Miller is wrong if he believes that scholars and teachers are leading the Church for the simple reasons that genuine scholars are rarities (and even rarer in leadership within a local church) and the average teaching pastor has been ill-equipped to teach. Tossing labels around is one thing, but let’s be honest about the true state of the Church.
The better question is whether we value teaching too highly. I don’t believe that can ever be the case. Barna’s polling not only revealed the overconfidence of pastors in their teaching, but it also exposed the general ignorance about the Faith that wreaks havoc everywhere ignorant Christians go. People ARE destroyed for lack of knowledge. Christians who don’t know what they believe cannot transmit what they believe to others who do not understand. End of argument.
So, where is the balance in all this?
Ideally, the Church should…
Teach its people the Faith.
Encourage the giftings of each person within the local church for service to that church and the greater whole of Christendom.
We’re not doing either of those well.
If you’ve read me long enough, you know I have a beef about our lack of a cradle-to-grave educational plan in our churches. We must have one. Each church must determine theirs.

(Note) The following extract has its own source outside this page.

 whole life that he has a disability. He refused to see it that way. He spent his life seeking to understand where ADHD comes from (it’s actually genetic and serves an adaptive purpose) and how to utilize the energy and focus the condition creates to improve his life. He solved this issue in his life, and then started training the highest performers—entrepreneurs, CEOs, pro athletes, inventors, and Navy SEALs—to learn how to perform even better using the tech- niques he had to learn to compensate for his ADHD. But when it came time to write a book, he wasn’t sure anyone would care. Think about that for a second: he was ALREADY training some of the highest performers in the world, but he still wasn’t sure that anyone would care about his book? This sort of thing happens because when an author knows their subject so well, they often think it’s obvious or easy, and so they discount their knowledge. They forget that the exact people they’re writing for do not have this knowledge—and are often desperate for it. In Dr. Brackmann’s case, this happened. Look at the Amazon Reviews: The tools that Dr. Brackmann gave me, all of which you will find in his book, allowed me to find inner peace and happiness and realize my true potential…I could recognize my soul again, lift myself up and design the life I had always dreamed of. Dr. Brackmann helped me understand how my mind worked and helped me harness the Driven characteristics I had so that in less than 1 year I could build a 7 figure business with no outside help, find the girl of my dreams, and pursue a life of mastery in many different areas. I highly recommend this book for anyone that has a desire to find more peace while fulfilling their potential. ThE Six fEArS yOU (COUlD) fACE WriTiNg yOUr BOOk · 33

AND we need to identify the gifts and talents of people in the seats so that they are released to minister as God would have them. Sadly, the “pastor as church emperor” stifles that potential. If anything, the pastoral role should be just one of several. Many pastors don’t preach well. Then who is the best preacher in the church? Many pastors are less-than-ideal comforters of the bereaved and hurting. Then who are the best comforters? Many pastors don’t listen well, either to their people or to the Lord. Then who are the best listeners and the best prophets? Many pastors don’t teach well. Then who does? Let’s get the right people in the right roles and start doing this right. And if that means the pastor reads the Scriptures on Sunday and someone else preaches or teaches, then fine. If that means that no one is paid staff, then fine. If that means the staff is huge and paid, fine. If that means that the whole church lives in one large apartment complex and does a kibbutz-type thing, fine. But let’s stop whatever we’re doing with the current model because it just doesn’t work all that well.
In short, does the Church function as a body with Christ as the head or with the pastor as the head? We know the answer. Now what are we doing to rethink how we do church so that everyone in the church is operating in their genuine giftings and receives the honor due them?
Ultimately, this is what Miller is aiming for. Taking a potshot at scholars and teachers isn’t the way to get there, though. We know the Church is a body, so let’s stop shooting that body in the foot.